Le FIPHFP a profité de son anniversaire, le 6 juillet, pour publier à la fois son bilan d’activité et une feuille de route destinée aux employeurs publics. Derrière la communication, plusieurs outils sont déjà opérationnels — nouveau modèle de convention, autodiagnostic, formation des référents handicap — et un chantier majeur reste devant : la refonte du système déclaratif. Décryptage pour les référents handicap, RH et directions d’établissements publics.

Les faits : ce que dit le bilan d’activité

Le fonds met en avant quatre indicateurs. Sur le plan financier, plus de 129 millions d’euros consacrés au financement des aides, des conventions et des partenariats. Sur le plan des parcours, plus de 41 000 recrutements de personnes en situation de handicap ont été réalisés dans les trois versants de la Fonction publique et près de 8 700 maintiens dans l’emploi ont été accompagnés. Ces volumes sont détaillés dans le communiqué publié par le FIPHFP à l’occasion de ses vingt ans.

Le contexte reste celui d’un taux d’emploi direct de 6,36 % dans la Fonction publique, dont nous avions analysé la portée dans notre article sur le franchissement du seuil légal dans la fonction publique. Le fonds apporte cette année une lecture plus fine, par employeur : en 2025, plus des trois quarts des fonctionnaires territoriaux et la moitié des fonctionnaires hospitaliers travaillaient pour un employeur comptant au moins 6% de BOETH. Autrement dit, la moyenne nationale masque des situations très contrastées, et la moitié des agents hospitaliers relèvent encore d’un employeur sous le seuil.

Un point d’organisation mérite d’être signalé aux employeurs qui peinaient à identifier un interlocuteur : pour la 1ère fois, nous disposons de DTH dans chaque région, indique le fonds à propos de ses directeurs territoriaux au handicap. S’y ajoute le rétablissement d’un accueil téléphonique destiné à renforcer la proximité avec les employeurs publics.

L’obligation elle-même n’a pas changé. Tout employeur public d’au moins 20 équivalents temps plein (ETP) a l’obligation d’employer des personnes en situation de handicap dans une proportion minimale de 6 % de l’effectif total, comme le rappelle le portail de la fonction publique sur l’obligation d’emploi. Depuis la réforme, le taux de l’obligation d’emploi est maintenu à 6%, mais pourra être révisé tous les 5 ans en tenant compte de la part des bénéficiaires de l’OETH dans la population active et de leur situation au regard du marché du travail.

En cas de manquement, la loi soumet les employeurs publics à une contribution financière, désormais alignée sur le privé, au Fonds pour l’insertion des personnes handicapées dans la fonction publique (FIPHFP). Le calcul repose sur le nombre d’unités manquantes X le coefficient correspondant à la taille du déclarant (400 à 600 selon les effectifs) X le taux du Smic au 31/12 de l’année N-1, avec des paliers explicites : entre 20 et 249 salariés : 400 — Entre 250 et 749 salariés : 500 — 750 salariés ou plus : 600. Le mécanisme complet, aides comprises, est repris dans notre article sur les obligations OETH et les aides du FIPHFP.

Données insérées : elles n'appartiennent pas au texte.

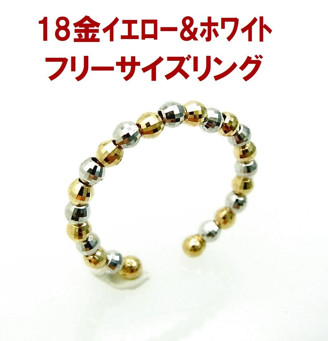 > どの指でもOK 18金 イエロー ホワイト製 カットミラーボール フリーサイズリング 卸価格 商品動画あり 送料込み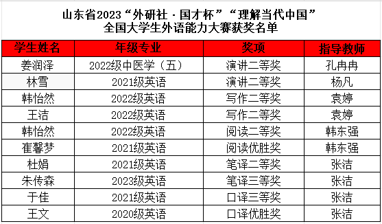 11月4日-5日,由山东省教育厅指导,山东省本科教育大学外语教学指导委员会、山东省本科教育通用外国语种类专业教学指导委员会、山东省本科教育非通用外国语种类专业教学指导委员会主办的山东省2023“外研社·国才杯”“理解当代中国”全国大学生外语能力大赛在山东大学落下帷幕。我校选派9位选手参加英语组比赛。经过激烈角逐,我校选手获二等奖6项、三等奖2项、优胜奖2项,英语专业2022级学生韩怡然、中医学(五)专业2022级学生姜润泽晋级全国决赛。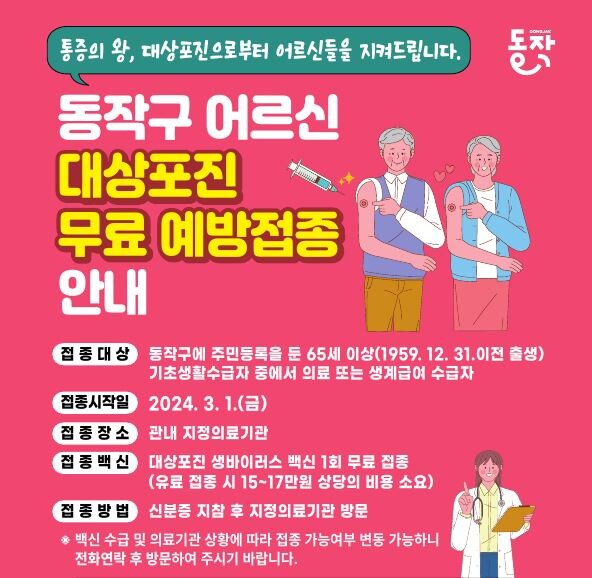 예방접종 대상은 65세 이상(1959.12.31. 이전 출생자) 기초생활수급자 중 의료 또는 생계 수급자로, 접종일 기준 동작구에 주민등록을 두고 있는 구민이다. 단, 과거 대상포진 예방접종 이력이 있는 경우는 대상에서 제외된다.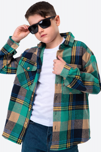Детская рубашка с длинным рукавом из мягкой фланели в клетку станет верным спутником в приключениях активного мальчика. Свободный крой и тёплая ткань обеспечивают уют и не стесняют движения. Акцентные роговые пуговицы и накладные карманы с клапанами добавляют образу стильный и брутальный шарм.

Le rapprochement avec le secteur privé est réel mais partiel. Côté entreprises, l’obligation d’emploi des travailleurs handicapés (OETH) impose à toute entreprise d’au moins 20 salariés d’employer des travailleurs handicapés à hauteur de 6 % de l’effectif moyen annuel (EMA), avec une règle d’assujettissement propre : toute entreprise qui atteint ou dépasse le seuil des 20 salariés pendant 5 années civiles consécutives est soumise à l’obligation d’emploi. Les employeurs privés durablement inactifs s’exposent en outre à une pénalité renforcée, une sur-contribution fixée à 1 500 fois le Smic horaire brut, soit 17 820 € pour la contribution due en 2026 au titre de l’année 2025. Notre comparatif détaillé des régimes public et privé revient sur ces écarts, et notre guide complet de l’obligation d’emploi détaille le calcul côté entreprises, tout comme notre synthèse des obligations de l’employeur en matière de handicap.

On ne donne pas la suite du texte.